Types of drugs used in the treatment of rectal cancer in Israel:

  • capecitabine
  • irinotecan
  • 5-fluorouracil
  • Tomudex

Regimens:

  • FOLFOX - oxaliplatin (Eloxatin) combined with 5-FU and leucovorin.
  • FOLFIRI - irinotecan in combination with 5-FU and leucovorin.
  • oxaliplatin and capecitabine
  • irinotecan and capecitabine
  • 5-FU and leucovorin
  • FOLFOXIRI - a combination of irinotecan, oxaliplatin, 5-FU and leucovorin.

Targeted therapy

It is used in the treatment of rectal cancer in the fourth stage. It may designate separately or combined with cytostatics. It slows down the progression of the disease, reducing tumor size, improves quality of life. 

Used in the clinic Assuta targeted therapies:

1. Bevacizumab (Avastin) is assigned as first-line therapy in combination with one of the following drugs or schemes:

  • FOLFOX
  • FOLFIRI
  • oxaliplatin and capecitabine
  • 5-FU and leucovorin
  • capecitabine

2. Cetuximab (Erbitux) may be used as second or third line therapy of the disease at this stage. Prescribed alone or in conjunction with one of the following cytostatic drugs or treatment regimens:

  • FOLFOX
  • FOLFIRI
  • oxaliplatin and capecitabine
  • irinotecan

3. Panitumumab (Vectibix) is also among the drugs of the second or third line therapy, the disease did not respond to other chemotherapeutic agents.

irradiation

This kind of treatment of colorectal cancer in the fourth step may recommend either alone or in combination with chemotherapy. Attract external radiotherapy, intracavitary brachytherapy. In palliative radiation to be appointed:

  • with a view to adjusting the growth of malignant focus and relieve the pain;
  • for the control of bleeding, when there is a contraindication to the surgery or the patient is opposed to surgery.

Treatment of secondary foci in the liver

If colorectal cancer has spread to the liver, and it is impossible to resort to surgery, apply one of the following methods:

  1. Provides delivery regional chemotherapy drugs directly into the liver via the hepatic artery. Floxuridine (FUDR) is assigned more often.
  2. Radiofrequency ablation - a relatively new procedure that uses high-frequency electrical current to destroy cancer cells.
  3. Cryosurgery uses low temperatures to destroy abnormal cells or tissues.
  4. Laser surgery is in the fight with cancer using high intensity rays.
  5. External exposure is also in order to effectively control tumor growth.

relapse treatment of rectal cancer in the Assuta

Treatment is usually aimed at alleviating the symptoms of the disease and prolong life. When the disease is returned to the primary tumor, surgery followed by administration of cytotoxic drugs to help prolong the life, and sometimes completely cured. If secondary lesions in pelvic area, liver or lung limited, they can also be surgically removed.

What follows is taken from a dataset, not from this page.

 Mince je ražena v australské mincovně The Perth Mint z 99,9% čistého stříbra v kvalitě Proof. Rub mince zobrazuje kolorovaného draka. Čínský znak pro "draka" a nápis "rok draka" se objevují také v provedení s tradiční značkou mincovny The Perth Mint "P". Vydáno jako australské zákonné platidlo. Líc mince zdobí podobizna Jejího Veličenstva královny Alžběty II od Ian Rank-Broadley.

When the recurrence of colorectal cancer is observed in the area of ​​initial focus, surgical treatment is used. Remove the extra health field in order to reduce the risk of the disease returning. Necessity stoma will depend on how closely a tumor was located from the anal sphincter. Operations are performed:

1. The total mezorektumektomiya (TME) using 3 methods:

  1. low anterior resection;
  2. BPE;
  3. proktektomii.

Pelvic exenteration is performed when the disease spreads to the pelvic cavity - in the urinary system (bladder and urethra), fertility (the ovaries, fallopian tubes, uterus, and cervix in women, prostate in men). During this procedure, make the removal of the sigmoid colon, straight, anus, pelvic organs and regional lymph nodes. It creates a permanent stoma and urostomy for the excretion of urine.

2. If the recurrence of cancer in the rectum causes pain, bleeding, and obstruction, resection is performed to remove or bypass the tumor. To prevent complications of intestinal obstruction may create a stoma.

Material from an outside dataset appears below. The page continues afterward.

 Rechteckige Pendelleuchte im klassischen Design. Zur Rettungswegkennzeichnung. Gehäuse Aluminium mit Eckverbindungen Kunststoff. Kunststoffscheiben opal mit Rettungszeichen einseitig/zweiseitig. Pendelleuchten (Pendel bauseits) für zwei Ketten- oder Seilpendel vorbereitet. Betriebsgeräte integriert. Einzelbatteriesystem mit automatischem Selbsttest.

3. Also stenting operation applies.

4. If distant metastases, but it is possible to remove them (eg, liver, lung, or ovary), produced resection. In some cases, surgery is performed to chemotherapy to try to reduce the size of the hearth.

5. If too extensive metastases resected segments to relieve symptoms.

Chemotherapy targeted therapy, radiation treatment and secondary foci in the liver similar to IV treatment stage colorectal cancer.